November 9, 2021

Beranda Islam

Terpercaya – Tajam – Mencerdaskan Umat

Oleh : Nanis Nursyifa

Kita tentunya sudah tidak asing lagi mendengar kata pajak, selain sudah familiar di kalangan masyarakat Indonesia, pajak juga biasa di pakai oleh negara-negara bersistem kapitalis. Kata pajak sendiri mempunyai arti pungutan wajib yang di berikan rakyat untuk negara.

Di kutip dari kompas.com (7/10), pemerintah bersama DPR RI sepakat menaikkan tarif pajak pertambahan nilai (PPN) sebesar 11 persen pada April tahun 2022 mendatang. Hal ini seiring dengan disahkannya UU Harmonisasi Peraturan Perpajakan. Menteri Hukum dan HAM Yasonna Laoly mengatakan, tarif PPN akan kembali naik mencapai 12 persen pada tahun 2025, dengan mempertimbangkan kondisi sosial dan ekonomi masyarakat.

Namun, kenaikan tarif PPN di Indonesia masih lebih rendah dibanding negara lain secara global. Yasonna menjelaskan secara global, tarif PPN di Indonesia relatif lebih rendah dari rata-rata dunia sebesar 15,4 persen dan juga lebih rendah dari Filipina (12 persen), China (13 persen), Arab Saudi (15 persen), Pakistan (17 persen), dan India (18 persen). Hal ini disampaikan di dalam Sidang Paripurna, Kamis (7/10/2021).

Dalam negara kapitalis, pajak merupakan keniscayaan, tanpa tapi tanpa kecuali. Pajak juga dijadikan pemasukan negara saat ini. Tentunya hal ini bukan menjadi solusi melainkan mengakibatkan problem baru khususnya untuk rakyat kecil. Alih-alih negara memberikan kenyamanan dan kebutuhan untuk rakyat nyatanya malah menyengsarakan rakyat.

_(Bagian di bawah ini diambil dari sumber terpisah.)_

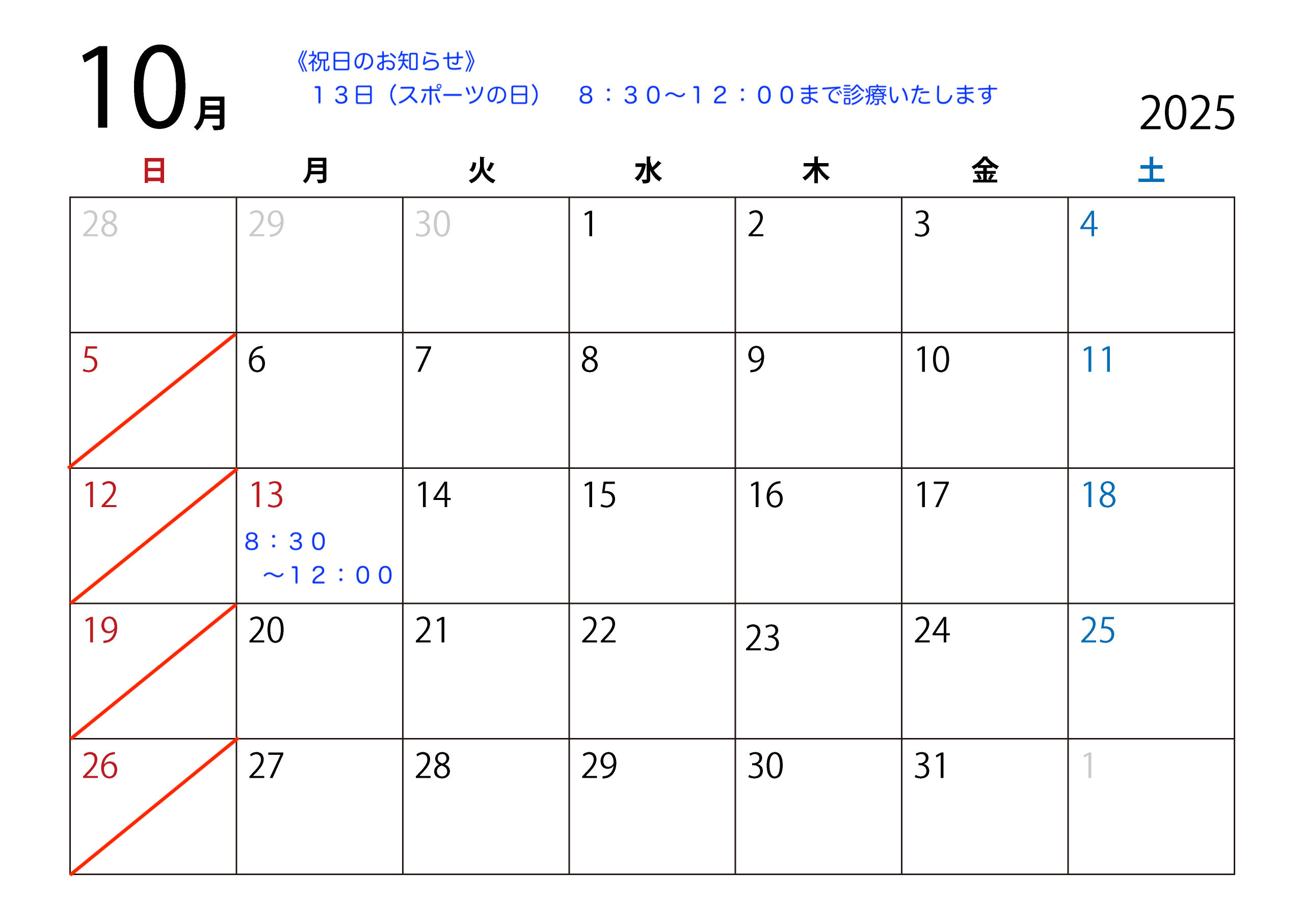 10月13日(祝・月) 8:30〜12:00まで診療させて頂きます。

Pungutan pajak yang ssmakin masif juga menunjukkan bahwa pemerintah tidak mampu lagi mengelola sumber daya alam negaranya dengan baik. Karena dalam Islam sumber daya alam bisa dikelola sebagai penghasilan negara untuk kesejahteraan bagi rakyat.

Dalam Islam ada istilah dharibah yaitu pungutan sejenis pajak. Namun pungutan ini dapat dilakukan dengan beberapa syarat, diantaranya ; (1) diambil apabila kas negara/baitul mal sedang kosong, (2) dharibah dilakukan karena adanya kebutuhan syar’i seperti untuk memberi makan fakir miskin, membantu masyarakat yang terkena bencana dll. Adapun jika negara memungut pajak untuk kepentingan lain seperti membangun infrastruktur maka hukumnya haram karena tidak tergolong syarat syar’i.

Adapun sumber pemasukan dalam Daulah Islam terdiri dari beberapa bagian yaitu bagian fa’i dan kharaj. Termasuk pendapatan negara berupa ghanimah (harta rampasan perang), kharaj, status tanah dan sebagainya. Selain itu pemasukan negara di Daulah Islam pun ada pada pengelolaan sumber daya alam yang masuk dalam bidang kepemilikan umum seperti pengelolaan laut, minyak, gas, tambang, hutan, sungai dan lain-lain.

Seluruh sumber daya alam itu bisa dikelola negara bukan seperti sekarang, yang mendominasi pengelolaan tersebut adalah asing dan aseng. Pendapatan Daulah Islam selanjutnya adalah bagian shadaqah yang di dalam nya terdiri dari zakat mal dan perdagangan, zakat pertanian dan buah-buahan dan sebagainya.

Dari beberapa sumber pendapatan diatas tentunya sudah cukup untuk memenuhi kebutuhan negara dan melaksanakan tugas negara dalam meriayah (mengurus urusan) rakyat. Sehingga negara tidak perlu melakukan penarikan pajak sebagai pemasukan negara.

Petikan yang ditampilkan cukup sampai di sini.